On the curated 200-instance subset (best-of-3), even the best model patches fewer than 1 in 4 vulnerabilities. On the full 1,650-CVE benchmark, performance drops further — and the rankings shift significantly.

16.6%

Best on Full 1,650

Claude Opus 4.6 leads the full benchmark at 16.6% (273/1650), narrowly ahead of GPT-5.3 Codex at 16.4% (271/1650) — a ranking reversal from the curated subset.

22.5%

Best on Curated 200

GPT-5.3 Codex leads VulnBench-200 (best-of-3) at 22.5%, followed by GPT-5.4 at 18.5% and Claude Opus 4.6 at 16.0%.

3.4%

Full Benchmark Median

The median model fixes only 3.4% of the full 1,650-instance benchmark — roughly 1 in 30 real vulnerabilities.

0.417

Highest Full Benchmark Score

Claude Opus 4.6 achieves the highest mean judge score on the full benchmark, indicating consistently higher patch quality at scale.

Rankings Shift

Curated vs Full

GPT-5.4 drops from 2nd on the curated subset (18.5%) to 3.4% on the full benchmark.
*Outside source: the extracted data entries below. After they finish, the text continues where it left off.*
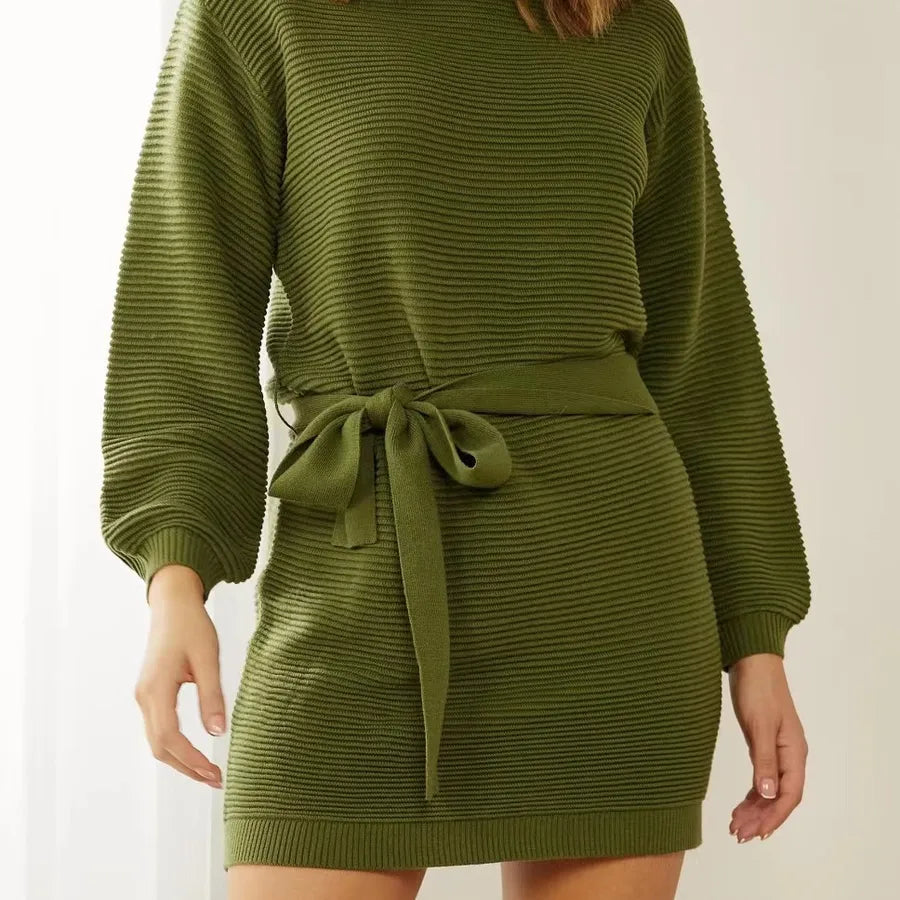 Autumn Winter Women's Long Sleeve Sweater Dress Belted Solid Color Style High Neck Knitted Dress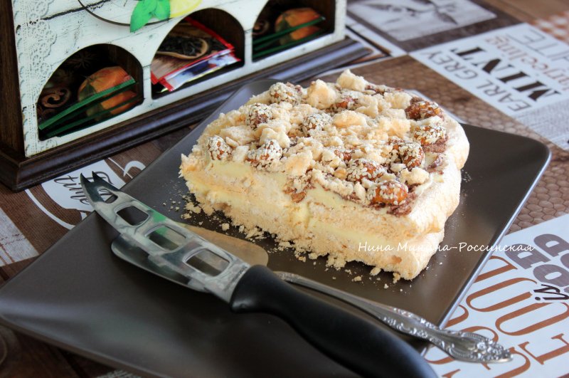 Вместо шоколадного крема поверхность торта можно оформить просто сладким порошком какао. Если не добавляли орехи в коржи, то уложите их между коржами или сверху на торт (тут кешью в кунжуте). Фотоотзыв #7557 по рецепту: Торт «Полет» с кремом из сгущенки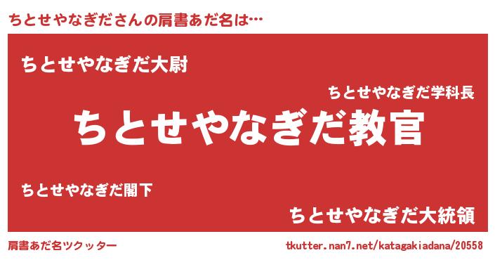 | 男性向けラノベタイトル風あだ名 | 『この素晴らしい世界にちとせやなぎだを!』 |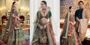 Shanzeh wore an exquisite emerald green and multi-coloured lehenga by legendary Indian designer Sabyasachi Mukherjee. The multi-panelled lehenga was lavishly embellished with zardozi, dabka, gota patti, and shimmering sequins. A soft tea-pink net dupatta draped elegantly over one shoulder added a romantic touch to the ensemble.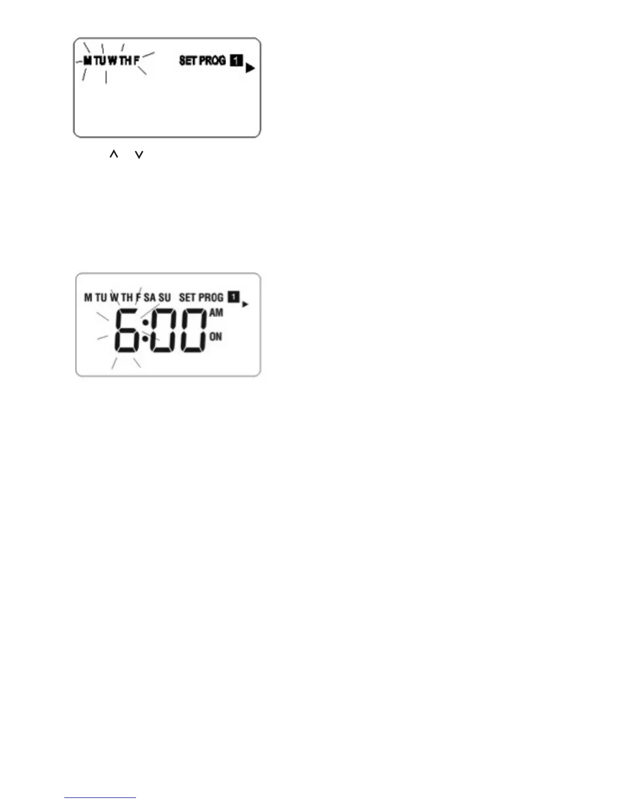 The Monday and “SET PROG” are displayed. All other indicators are cleared. The day of the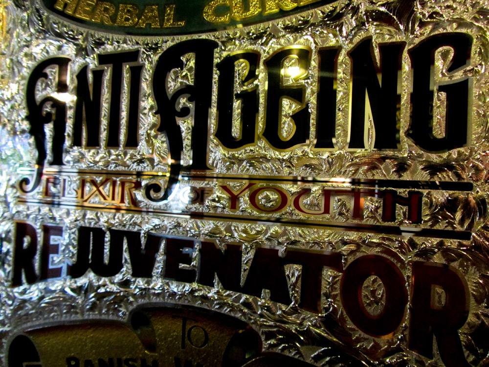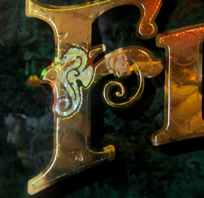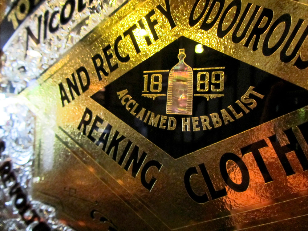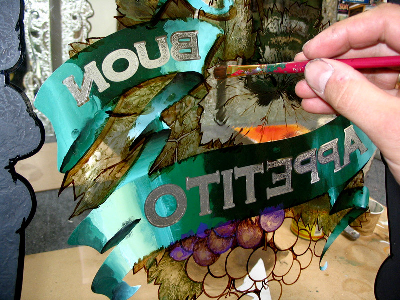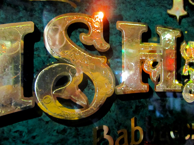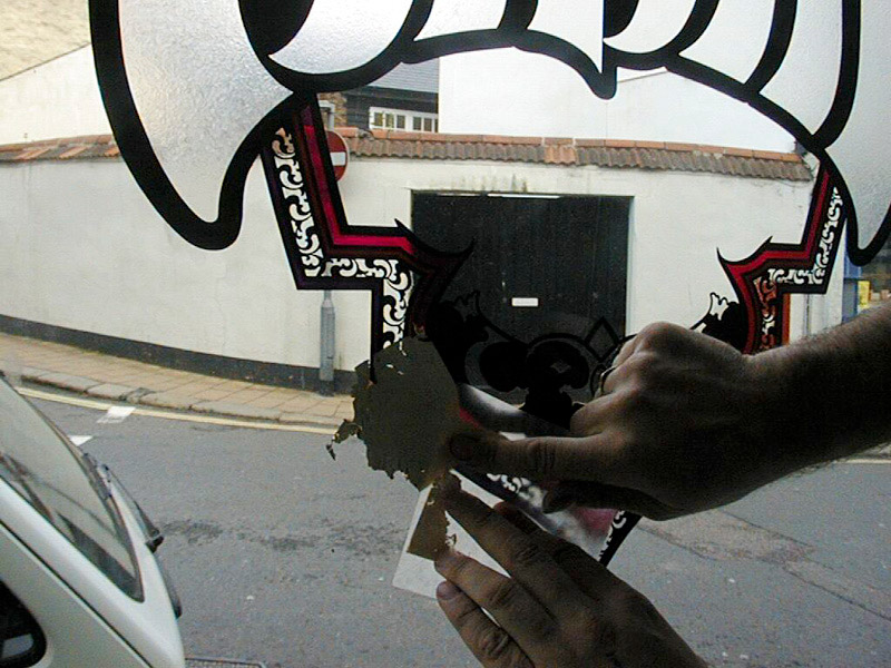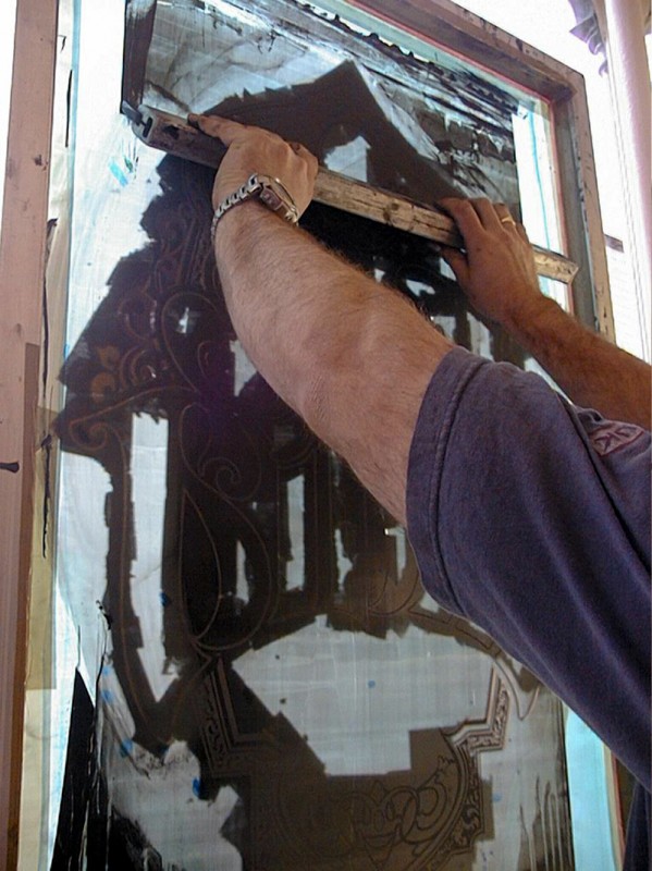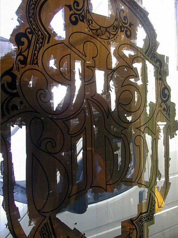 The letters were sponge stippled with emulsion paint, then submerged upside down in a bath of acid for 30 minutes. The emulsion broke down after 10 minutes, exposing other areas to acid causing irregular etching to the letters. Other acid treatments were made using mica and cross hatching techniques within the illustration. Mother of pearl, shading and finger blending was also used. The sign was made in 2004.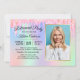 The design is so elegant and modern that features a Blue floral and a Golden accent style with Your picture on the right side along with a handwritten script design. Also, there is a chic frame of beads where you can add your photo to make the invitation extra special and customizable.

Claude Sonnet and Gemini Flash scale better, holding or improving their relative positions.

9.7%

Best Value Model

Gemini 3 Flash achieves 9.7% on the full benchmark (160/1650) at the lowest cost per instance — strong performance for a lightweight model.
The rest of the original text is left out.